■ WHAT THE TASK ASKS ■
Transcribe only the lines between the first line of the records and the line containing "Sevimli köpek 'Kaju'", inclusive, exactly as written.

■ Extracted data entries ■
■ ■ ■

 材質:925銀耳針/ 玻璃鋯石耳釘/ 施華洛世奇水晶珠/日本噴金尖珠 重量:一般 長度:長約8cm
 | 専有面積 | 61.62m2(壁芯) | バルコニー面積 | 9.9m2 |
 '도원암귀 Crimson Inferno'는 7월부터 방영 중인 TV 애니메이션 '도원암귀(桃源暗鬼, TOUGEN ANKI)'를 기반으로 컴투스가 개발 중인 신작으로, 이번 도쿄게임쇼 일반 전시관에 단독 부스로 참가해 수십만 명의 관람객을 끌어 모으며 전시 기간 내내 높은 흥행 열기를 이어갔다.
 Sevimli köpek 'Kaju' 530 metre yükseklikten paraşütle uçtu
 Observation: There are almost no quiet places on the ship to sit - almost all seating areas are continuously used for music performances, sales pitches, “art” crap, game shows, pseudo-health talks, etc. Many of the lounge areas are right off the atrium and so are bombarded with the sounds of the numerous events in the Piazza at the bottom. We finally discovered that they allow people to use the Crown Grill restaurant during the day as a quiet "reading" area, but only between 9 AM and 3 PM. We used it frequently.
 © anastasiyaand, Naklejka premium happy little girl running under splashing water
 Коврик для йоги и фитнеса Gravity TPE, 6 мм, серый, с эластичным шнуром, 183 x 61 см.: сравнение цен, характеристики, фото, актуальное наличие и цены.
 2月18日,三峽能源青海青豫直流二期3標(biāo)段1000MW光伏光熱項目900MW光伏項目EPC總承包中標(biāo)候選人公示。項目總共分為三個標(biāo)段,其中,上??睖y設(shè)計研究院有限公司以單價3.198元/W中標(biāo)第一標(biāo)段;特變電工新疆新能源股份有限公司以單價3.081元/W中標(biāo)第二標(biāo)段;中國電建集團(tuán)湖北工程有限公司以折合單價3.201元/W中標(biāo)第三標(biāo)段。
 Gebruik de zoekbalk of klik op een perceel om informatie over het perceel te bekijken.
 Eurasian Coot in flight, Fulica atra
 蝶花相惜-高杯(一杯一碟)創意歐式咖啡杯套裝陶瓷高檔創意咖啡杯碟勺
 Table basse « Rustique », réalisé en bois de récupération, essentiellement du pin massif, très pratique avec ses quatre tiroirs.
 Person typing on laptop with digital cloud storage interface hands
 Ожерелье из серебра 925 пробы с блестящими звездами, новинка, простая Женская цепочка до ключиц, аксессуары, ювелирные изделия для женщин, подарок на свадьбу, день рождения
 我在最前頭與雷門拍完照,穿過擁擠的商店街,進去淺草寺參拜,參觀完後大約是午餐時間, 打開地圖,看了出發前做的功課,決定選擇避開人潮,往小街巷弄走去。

■ ■ ■

■ RESPONSE TO THE EXERCISE ■
 材質:925銀耳針/ 玻璃鋯石耳釘/ 施華洛世奇水晶珠/日本噴金尖珠 重量:一般 長度:長約8cm
 | 専有面積 | 61.62m2(壁芯) | バルコニー面積 | 9.9m2 |
 '도원암귀 Crimson Inferno'는 7월부터 방영 중인 TV 애니메이션 '도원암귀(桃源暗鬼, TOUGEN ANKI)'를 기반으로 컴투스가 개발 중인 신작으로, 이번 도쿄게임쇼 일반 전시관에 단독 부스로 참가해 수십만 명의 관람객을 끌어 모으며 전시 기간 내내 높은 흥행 열기를 이어갔다.
 Sevimli köpek 'Kaju' 530 metre yükseklikten paraşütle uçtu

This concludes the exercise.